From: Dag-Erling Smorgrav <[email protected]>
Subject: mach.sym in Darwin
I'll bet you a dime to a dollar the mysterious mach.sym in MacOS/X's root directory is simply a debugging kernel, i.e. an unstripped copy of mach_kernel.


From: Paul Lynch <[email protected]>
Subject: MacOS X Daemon News
I can give you a few updates on some parts that might be of interest. In no particular order:
- the kernel (Mach) is only supplied in binary. Most MacOS X admins won't be expected to be able to build a new kernel; that requires a BSD/Mach background (and who's got that outside of Apple?) and a Darwin development system. So building it with firewall options enabled is reasonably smart.
- as well as /.hidden, you will notice that dot files aren't visible in the Finder. .hidden should be looked for in the root of any mounted filesystem, not just /.
- /private is a hangover from the old days of diskless workstations. NeXT had a good netboot option, which meant that you could stash all the local configuration and high access files (like swap - /private/vm/swapfile) in a locally mounted disk. This is all part of the Mach, as opposed to BSD, option.
- MacOS X doesn't only support HFS. It also supports UFS, and that may shed some light on some of the "but HFS does this" quirks.

Authors’ Note: The inclusion of a distinct /private now seems to make a lot of sense, especially for those who are willing to believe in grand computer-industry conspiracy theories. 🙂 I saw a Steve Jobs keynote in which he showed 50 iMacs net-booting from a single server, showing their abilities as (relatively) low-cost “Network Computers.” And who is a greater believer in NCs than Apple board member (and reputed best buddy of Steve Jobs) than Oracle chief Larry Ellison? No specific documentation of the role of /private has thus far been provided by Apple (as far as I can tell), but the above explanation seems very plausible, leaving open the door for future uses as described.

From: Peter Bierman
Subject: http://www.daemonnews.org/200011/osx-daemon.html
Try 'nicl .'
Then try combinations of cd, ls, and cat.
cd moves around the netinfo directory structure
cat prints the properties of the current directory
ls prints the subdirectories of the current directory
A few minutes in nicl, and NetInfo will make a lot more sense.
Unfortunately, there's no man page yet.
Another tidbit:
In X-GM, volumes will mount under /Volumes instead of at /


From: James F. Carter <[email protected]>
Subject: Comments on Random Ramblings about BSD on MacOS X
Why a firewall with no rules? Because the firewall code has to be selected at compile time, but when the CD is burned they don't know what rules the end user will want, and they don't want to lock out any "traditional" behavior, such as the ability to play host to script kiddies with a port of Trinoo for the Mac.
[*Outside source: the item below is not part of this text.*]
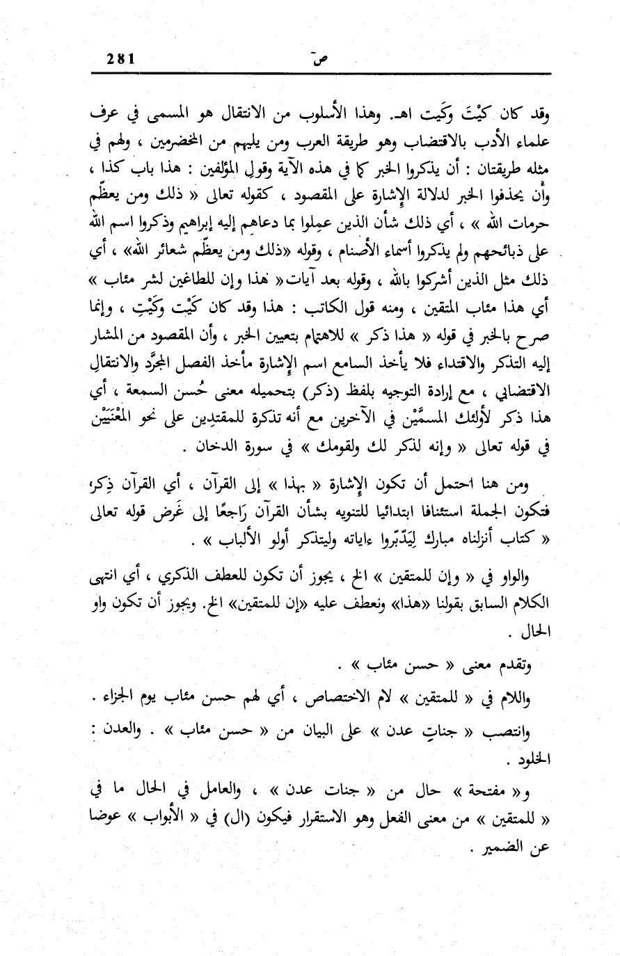 وَقَدْ كَانَ كَيْتَ وَكَيْتَ اه. وَهَذَا الْأُسْلُوبُ مِنَ الِانْتِقَالِ هُوَ الْمُسَمَّى فِي عُرْفِ عُلَمَاءِ الْأَدَبِ بِالِاقْتِضَابِ وَهُوَ طَرِيقَةُ الْعَرَبِ وَمَنْ يَلِيهِمْ مِنَ الْمُخَضْرَمِينَ، وَلَهُمْ فِي مِثْلِهِ طَرِيقَتَانِ: أَنْ يَذْكُرُوا الْخَبَرَ كَمَا فِي هَذِهِ الْآيَةِ وَقَوْلِ الْمُؤَلِّفِينَ: هَذَا بَابُ كَذَا، وَأَنْ يَحْذِفُوا الْخَبَرَ لِدَلَالَةِ الْإِشَارَةِ عَلَى الْمَقْصُودِ، كَقَوْلِهِ تَعَالَى: ذلِكَ وَمَنْ يُعَظِّمْ حُرُماتِ اللَّهِ [الْحَج: 30] ، أَيْ ذَلِك شَأْن الَّذِي عَمِلُوا بِمَا دَعَاهُمْ إِلَيْهِ إِبْرَاهِيمُ وَذَكَرُوا اسْمَ اللَّهِ عَلَى ذَبَائِحِهِمْ وَلَمْ يَذْكُرُوا أَسْمَاءَ الْأَصْنَامِ، وَقَوْلِهِ: ذلِكَ وَمَنْ يُعَظِّمْ شَعائِرَ اللَّهِ، أَيْ ذَلِكَ مَثَلُ الَّذِينَ أَشْرَكُوا بِاللَّهِ، وَقَولِهِ بَعْدَ آيَاتٍ هَذَا وَإِنَّ لِلطَّاغِينَ لَشَرَّ مَآبٍ [ص: 55] أَيْ هَذَا مَآبُ الْمُتَّقِينَ، وَمِنْهُ قَولُ الْكَاتِبِ: هَذَا وَقَدْ كَانَ كَيْتَ وَكَيْتَ، وَإِنَّمَا صُرِّحَ بِالْخَبَرِ فِي قَوْلِهِ: هَذَا ذِكْرٌ لِلِاهْتِمَامِ بِتَعْيِينِ الْخَبَرِ، وَأَنَّ الْمَقْصُودَ مِنَ الْمُشَارِ إِلَيْهِ التَّذَكُّرُ وَالِاقْتِدَاءُ فَلَا يَأْخُذُ السَّامِعُ اسْمَ الْإِشَارَةِ مَأْخَذَ الْفَصْلِ الْمُجَرَّدِ وَالِانْتِقَالِ الِاقْتِضَابِيِّ، مَعَ إِرَادَةِ التَّوْجِيهِ بِلَفْظِ ذِكْرٌ بِتَحْمِيلِهِ مَعْنَى حُسْنِ السمعة، أَي هَذَا ذِكْرٌ لِأُولَئِكَ الْمُسَمَّيْنَ فِي الْآخَرِينَ مَعَ أَنَّهُ تَذْكِرَةٌ لِلْمُقْتَدِينَ عَلَى نَحْوِ الْمَعْنَيَيْنِ فِي قَوْلِهِ تَعَالَى: وَإِنَّهُ لَذِكْرٌ لَكَ وَلِقَوْمِكَ فِي سُورَة الدُّخان [الزُّخْرُفِ: 44] .

I agree that a set of moderately restrictive default rules would be a good idea for the average grandmother, but I can understand the developers' attitude too.
Why have a plain file /tmp/console.log in addition to the syslog? In case syslogd dies. I have this problem on Linux: there's a timing dependency which if violated kills syslogd, and I'm running a driver (you don't want to know the gory details when I suspend the laptop to RAM and restart an hour later). If "sync" got done, and if the file is rotated by the code that opens it, you have a chance to see your machine's death cry when it crashed and burned. I've hacked my Linux startup files to do this partially to catch (sysadmin-induced) screwups during the boot process.
Why put resolv.conf in /var/run? ppp and dhcpd often obtain the addresses of the ISP's DNS servers during channel setup, and have to write them into resolv.conf. Modern practice, at least on SysV-ish systems like Solaris and Linux, is that /etc is potentially mounted read-only on a diskless workstation or CDROM, and dynamic info goes in /var/something.
Running the NFS daemon: Agreed that it's a security hole. Solaris only starts nfsd if /etc/dfs/sharetab (the successor of /etc/exports) contain the word "nfs". I've hacked my Linux startup files to do something similar.
/private/Drivers: I assume this contains drivers, similar to /lib/modules/$version on Linux. You wouldn't want to intermix code segments with device inodes, would you? :-) Or does recent BSD do something weird and wonderful along these lines? I've thought about a hypothetical UNIXoid operating system in which the device inode is [similar to] a symbolic link to its driver. (Paraquat on the grass?)
James F. Carter 
Internet: [email protected] (finger for PGP key)

Authors’ Note: The NFS inclusion seems like yet another attempt by Apple to include functionality “in the background” that they may or may not make use of. It’s an opposite to their attempts in recent versions of Mac OS (via the “Extension Manager”) to allow users to enable or disable anything that patches traps or otherwise alters the functions of the base OS, it still makes sense. The current Extension Manager functionality was most likely included because third-party utilities included this functionality, rather than because Apple really wanted end-users to have fine-grained control over the OS, and because so many poorly-written current MacOS extensions could interfere with Apple-provided OS functionality (if not hose the OS completely).

The prevailing attitude at Apple regarding OS X may very likely be that since it would be very difficult for typical  users to modify their kernel (at least with existing tools), it’s best to open up everything that might be needed at some current or future point. However, this holds only until someone creates a kernel extension/module interface as easy as the current MacOS Extension Manager (something that, despite FreeBSD’s /stand/sysinstall attempts is still far away for any other *nix).


Further Exploration: Das Boot

Last time, we mentioned that holding down the “v” key at startup shows a BSD-esque text console startup rather than the standard MacOS X GUI startup. Considering that the hardware on a revision-A iBook is pretty different than the hardware in your average x86 Free/Open/NetBSD box, we thought it would be interesting to see just what XNU (the Darwin kernel) does on startup.

Let’s look at what happens at boot time (as shown in the message buffer using dmesg just after boot time). Comments are shown on following lines (after “<=”).

minimum scheduling quantum is 10 ms

<= Haven’t seen this before on any BSD boot.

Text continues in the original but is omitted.